A hand with no sleeve points a pointy pick at a stunned gaze that is looking through the ‘center’ of my soul—piercing and pleading to read, to answer. An inquiry that sights a worrisome query, uncertain, the hand inquisitive to find.







* * *







A sky I cannot see—a constant murmuring, is it white noise? After a while it embeds itself with a sonic frequency that won’t wash off. 



I look outside, a grey tinted glimpse of what is after it leaves me stranded and timeless. Besser block bricks and corrugations promising better transportation. Fluorescent blue white illuminates scatterings of both active and passive learnings and the aftermath of the activity. Illuminated eyes connect me and you, I remind myself to speak up


* * *


to

pause.








* * *







A stitching of odd sorts—fabric found and defined from a time I wasn’t here. Gone unnoticed for years. Chopped up, deciphered a new narrative of comfort, warmth and memory. A description of a closet, I once was wishing I were this warm. A weighted description revealing the plurality of meaning, a mise en abyme.








* * *







A mirror of my own identity, a reflection being invisible. A deflection without clarity of its source—the assumption that it is visible, present and obtainable. Reflective still, of sorts, its softened gaze hallucinating. Writing in a moment for




pause




allowing recovery of breath overcoming breathlessness and despair. Disparity between myself and a reflection, lying on a concrete bed the bone coloured hand held reflective object sits abandoned glowing in the hot mid-afternoon sun. The shadow casts so sharply it appears to be hovering.






* * *







A tinted glass shelter, sunshine and sparkling water far over the bicycle lane, footpath and white scaffolding. A corner of a structure, waiting for a bus, an opportunity for something to be sold.


A poster in situ, an advertisement of alarm, a perfume ad? Posing in bliss or capturing despair—breathlessness; beauty or tragedy. Viewing as a bystander, standing by just wanting to get home. Stillness in the image embedded as civic signage. A photograph sits where opportune advertisements engage.

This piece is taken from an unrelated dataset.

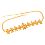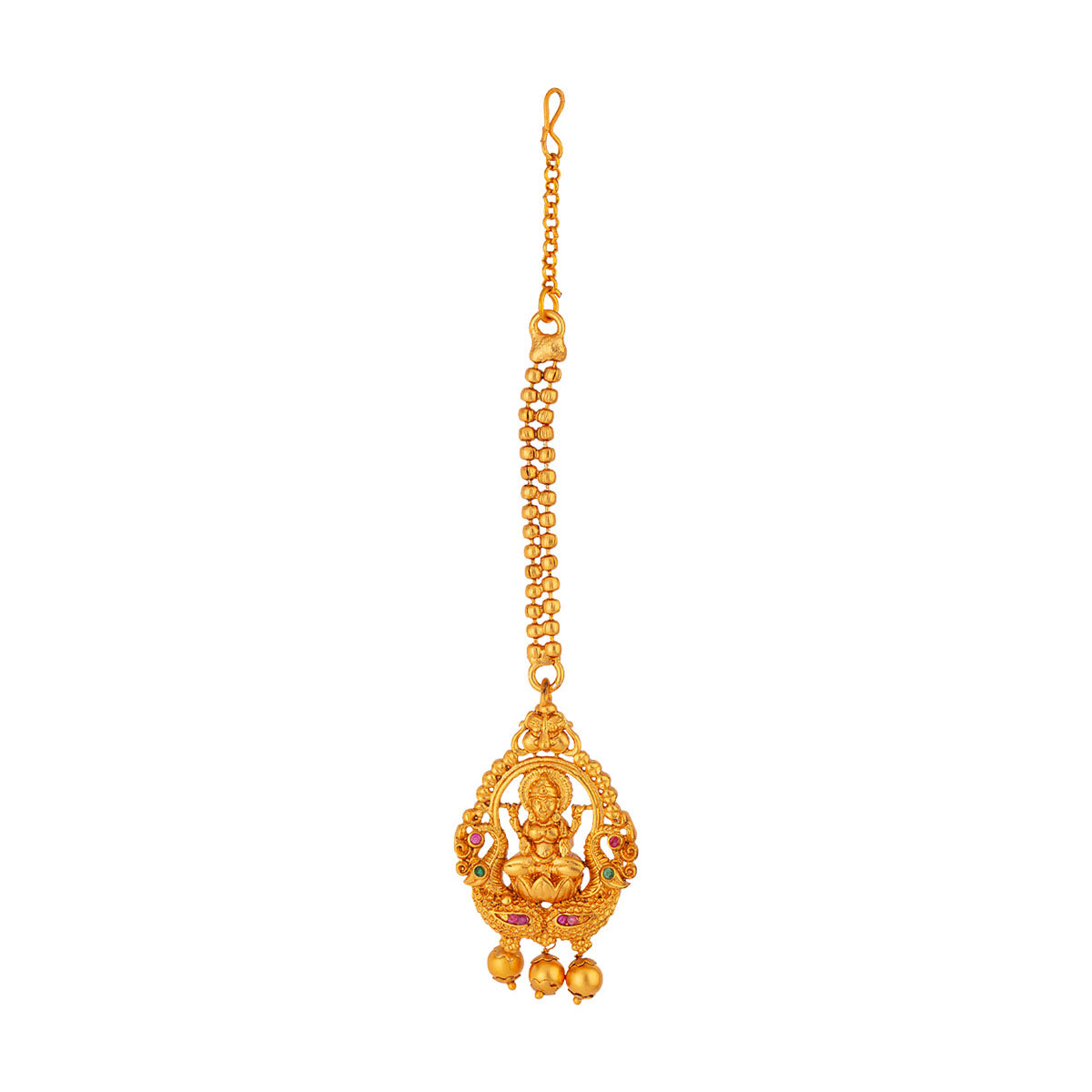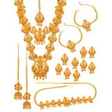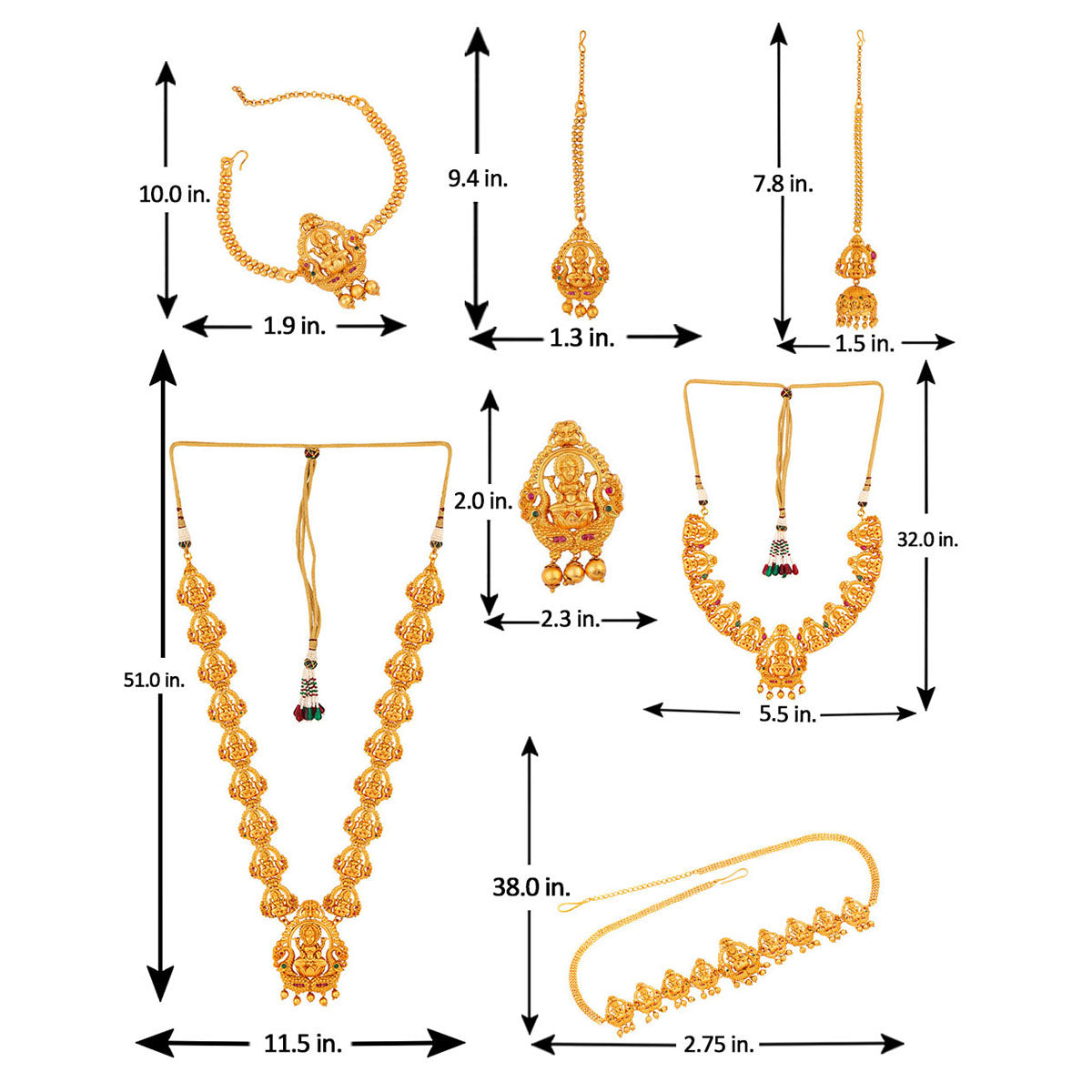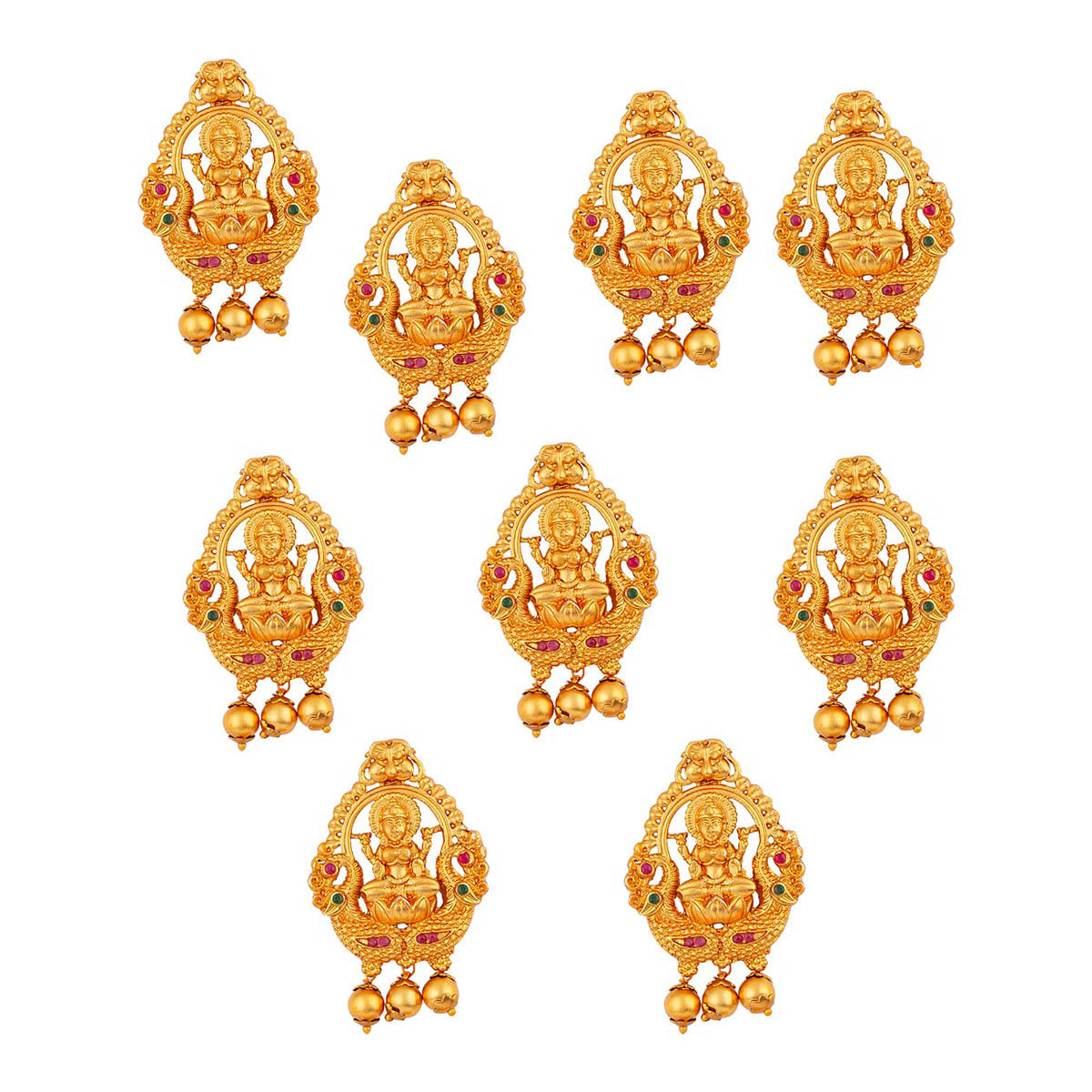 Goddess Lakshmi motifs adorned bridal set, fashioned out of brass. Yellow gold plated and inclusive of all essential accessories. Pair with Indian bridal outfits.

Parched lifeless on a beach of pebbles, smooth and refreshing sunshine slides over a face. Colourless, a black and white representation but with coloured skin, dark top—foreground of pebbles a horizon of her upside down head with shoulders either side. The weight of her consciousness rests heavy. A background of blank motionless water graduating in darkness towards the depths until a linear line of clear grey sky.


Ribbed reflection refraction on the glass housing of the image from the sunshine illuminating through the shelter.